Systemic lupus erythematosus (SLE) is less commonly reported than CLE in patients receiving PPIs. PPI associated SLE is usually milder than non-drug induced SLE. Onset of SLE typically occurred within days to years after initiating treatment primarily in patients ranging from young adults to the elderly. The majority of patients presented with rash; however, arthralgia and cytopenia were also reported.
Avoid administration of PPIs for longer than medically indicated. If signs or symptoms consistent with CLE or SLE are noted in patients receiving Nexium, discontinue the drug and refer the patient to the appropriate specialist for evaluation. Most patients improve with discontinuation of the PPI alone in 4 to 12 weeks.

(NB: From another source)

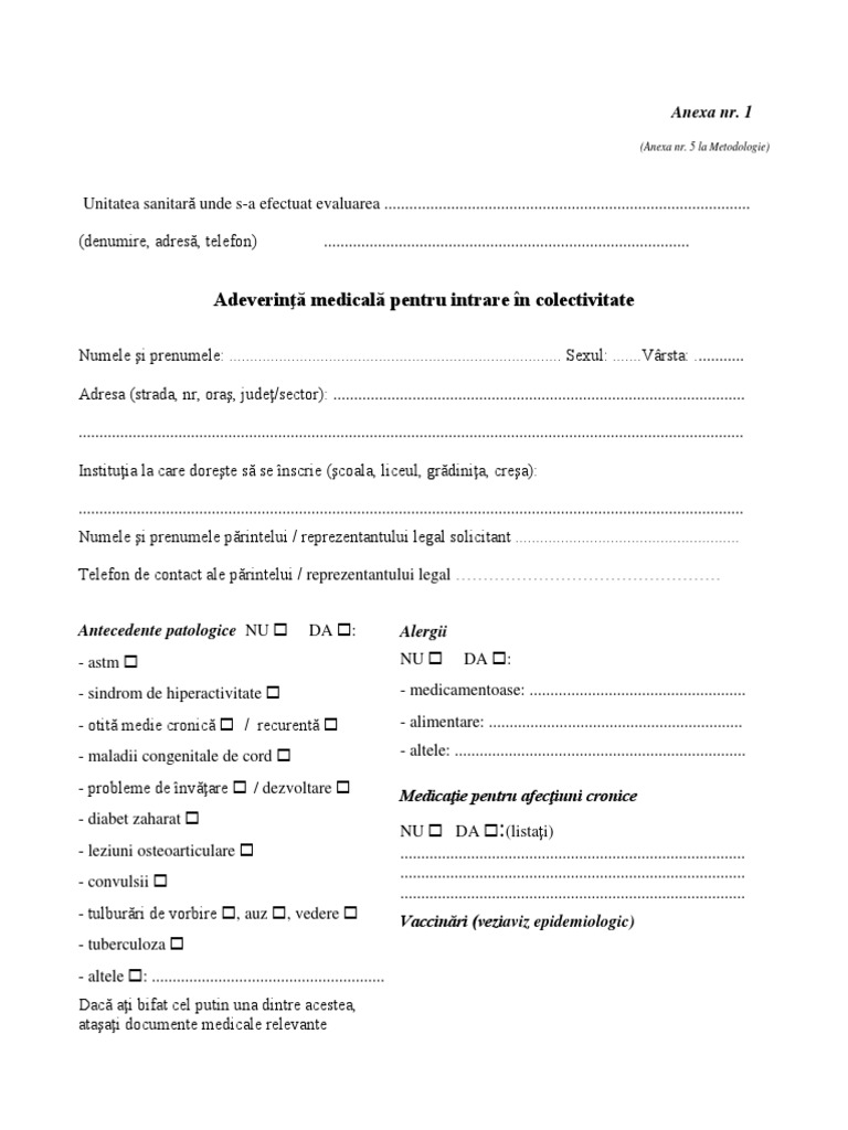 Adeverinta Medicala Pentru Inscrierea In Colectivitate Pdf

Serological testing (e.g., Antinuclear antibody) may be positive and elevated serological test results may take longer to resolve than clinical manifestations.

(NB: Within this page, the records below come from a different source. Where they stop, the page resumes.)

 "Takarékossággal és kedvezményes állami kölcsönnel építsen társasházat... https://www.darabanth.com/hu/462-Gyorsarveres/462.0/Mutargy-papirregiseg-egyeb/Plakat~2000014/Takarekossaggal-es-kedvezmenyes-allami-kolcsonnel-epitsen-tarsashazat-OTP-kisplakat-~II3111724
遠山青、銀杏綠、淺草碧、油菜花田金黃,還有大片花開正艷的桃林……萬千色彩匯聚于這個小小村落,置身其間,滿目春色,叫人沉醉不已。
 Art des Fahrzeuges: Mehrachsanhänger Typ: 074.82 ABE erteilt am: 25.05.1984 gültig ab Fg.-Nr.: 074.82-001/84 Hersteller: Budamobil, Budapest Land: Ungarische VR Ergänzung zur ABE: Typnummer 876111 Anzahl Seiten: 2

Effects on ability to drive or use machines: Gastro-resistant tablet: No effects have been observed.
Powder for solution for injection: Nexium is not likely to affect the ability to drive or use machines.

For Nexium, limited data on exposed pregnancies are available. Animal studies with esomeprazole do not indicate direct or indirect harmful effects with respect to embryonal/fetal development. Animal studies with the racemic mixture do not indicate direct or indirect harmful effects with respect to pregnancy, parturition or postnatal development. Caution should be exercised when prescribing Nexium to pregnant women.
It is not known whether esomeprazole is excreted in human breast milk. No studies in lactating women have been performed. Therefore, Nexium should not be used during breast-feeding.
Gastro-resistant tablet: With the racemic mixture omeprazole, data on a larger number of exposed pregnancies from epidemiological studies indicate no malformative or foetotoxic events.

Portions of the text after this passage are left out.